BY JUSTIN MASON Gazette Reporter

    Pat Riley would always show up for Linton High School basketball practice early, work hard and then stay late.
    His tireless work ethic and determination produced a career in basketball from Schenectady through the professional ranks. But it wasn’t until Riley picked up a coach’s clipboard with the starstudded Los Angeles Lakers that his motivation propelled him to national fame.
    “It’s either win or fail,” he told The Daily Gazette in April 1984, as the Lakers were gearing up for the playoffs. “There’s no in between . . . no other short-term goals would satisfy the people out here.”
    Though he was unsuccessful that year, Riley won five championships as a coach in the National Basketball Association. Stints in Los Angeles, New York and now Miami have earned him 1,208 victories and rank him third all-time among NBA coaches.
    On Monday, Riley was selected for induction into the National Basketball Hall of Fame. He and others selected this year will take their places during a ceremony at the Springfield, Mass., hall in September.
    “He always had a strong desire to achieve the greatest heights and he was always successful doing it,” said Mike Meola, a former teammate of Riley and a retired city teacher. “He’s a hard-nosed guy who knew what he wanted and went out and worked for it.”
    Riley was among the top Schenectady-area ballplayers during the 1960s and 1970s.

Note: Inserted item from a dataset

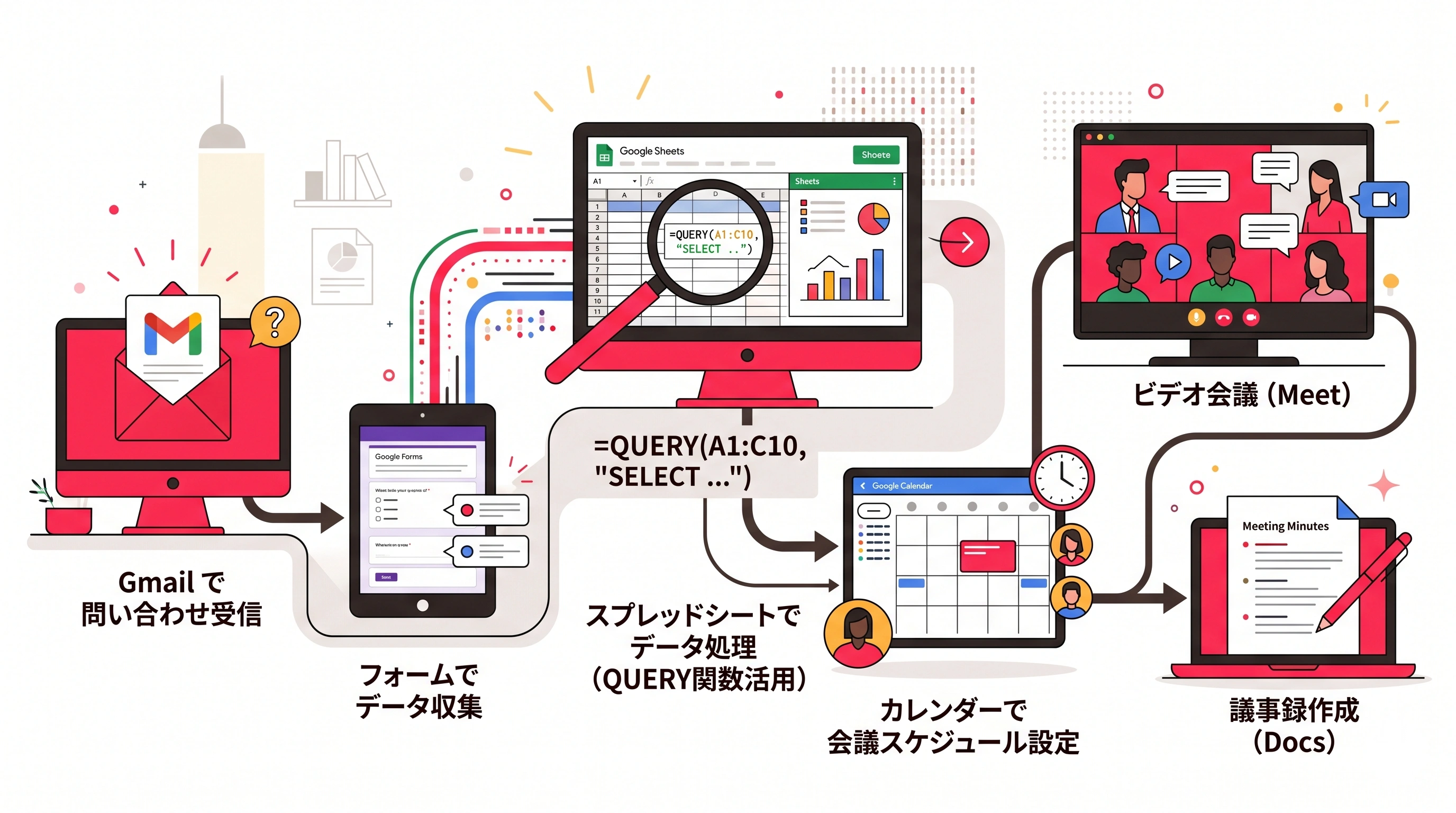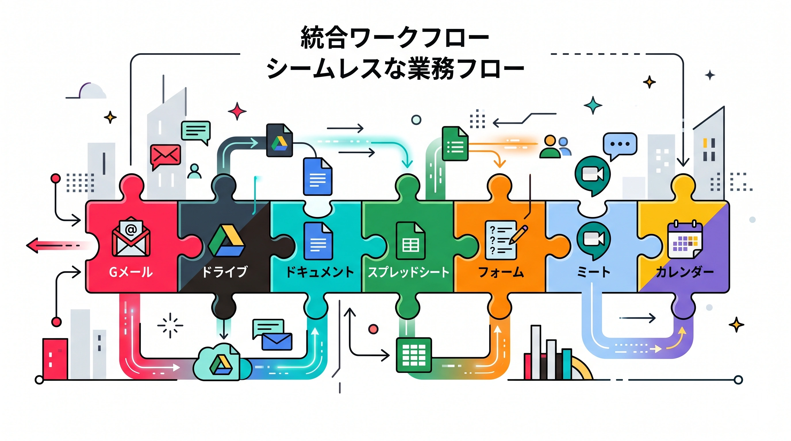Google Workspaceの真価は、単なる「メールとファイル共有」ではありません。複数の機能を組み合わせることで、アナログ業務をデジタル化し、社内の情報共有を劇的に速くするところにあります。

He was preceded at Linton by Barry Kramer, a former NBA player, and followed by Sidney Edwards, a former member of the Harlem Globetrotters.
    But Riley, a 1963 graduate of Linton, quickly showed he was in a league of his own. In his three years with Linton, he scored more than 1,000 points and helped guide his team to a 46-7 record.
    “Those of us who played with him knew he was destined for great things,” recalled Warren DeSantis, a friend who played high school basketball with him. “Every day instead of being the star of the team, he worked out like he was trying to make the team.”
    Though he never played high school ball with Riley, Kramer, now Schenectady County Surrogate Court judge, was keenly aware of his determination. He said Riley’s competitive streak would come out whenever he’d take to the court. Kramer faced him in recreational play.
    “That was his nature as a player, and I think that’s still his nature as a coach,” he said.
    Riley’s acclaim traveled with him from Schenectady to the University of Kentucky, where he was an All-American and helped the team to a championship in 1966. He was selected as the seventh overall pick by the NBA’s San Diego Rockets and later joined the Lakers, whom he helped win a championship in 1972.
    It wasn’t until a decade later that Riley began his most significant contributions as a coach. At the age of 36, he led the Lakers to a championship in his first year.
    Riley never forgot his roots. While the Lakers were planning their victory celebration on the West Coast, their coach was traveling back to Schenectady to put on a basketball clinic and an assembly for the city school district, recalled Bob Pezzano, a retired teacher and chairman of the district’s Athletic Hall of Fame committee.
    “He was just as generous as he could be with his time,” he said. “That’s when I noticed how committed he is.”
    Riley’s visits to the city haven’t stopped. During the late 1980s and early 1990s, he helped school districts in Rotterdam and the city establish Project DARE programs.
    When Schenectady High School dedicated the refurbished gymnasium to him in 1997, he attended the ceremonies and used the attention to urge the district to remember the great coaches of Schenectady. The district established the Athletic Hall of Fame the following year and inducted Riley in 2000; he has since returned twice as a keynote speaker during the group’s annual dinner.
    “It’s a tremendous honor,” said Schenectady Mayor Brian U. Stratton. “It’s a deserved and fitting honor for Pat Riley and the hometown he’s never forgotten throughout his professional career.”
    Riley’s parents, Leon, a baseball manager, and Mary Riley, are deceased.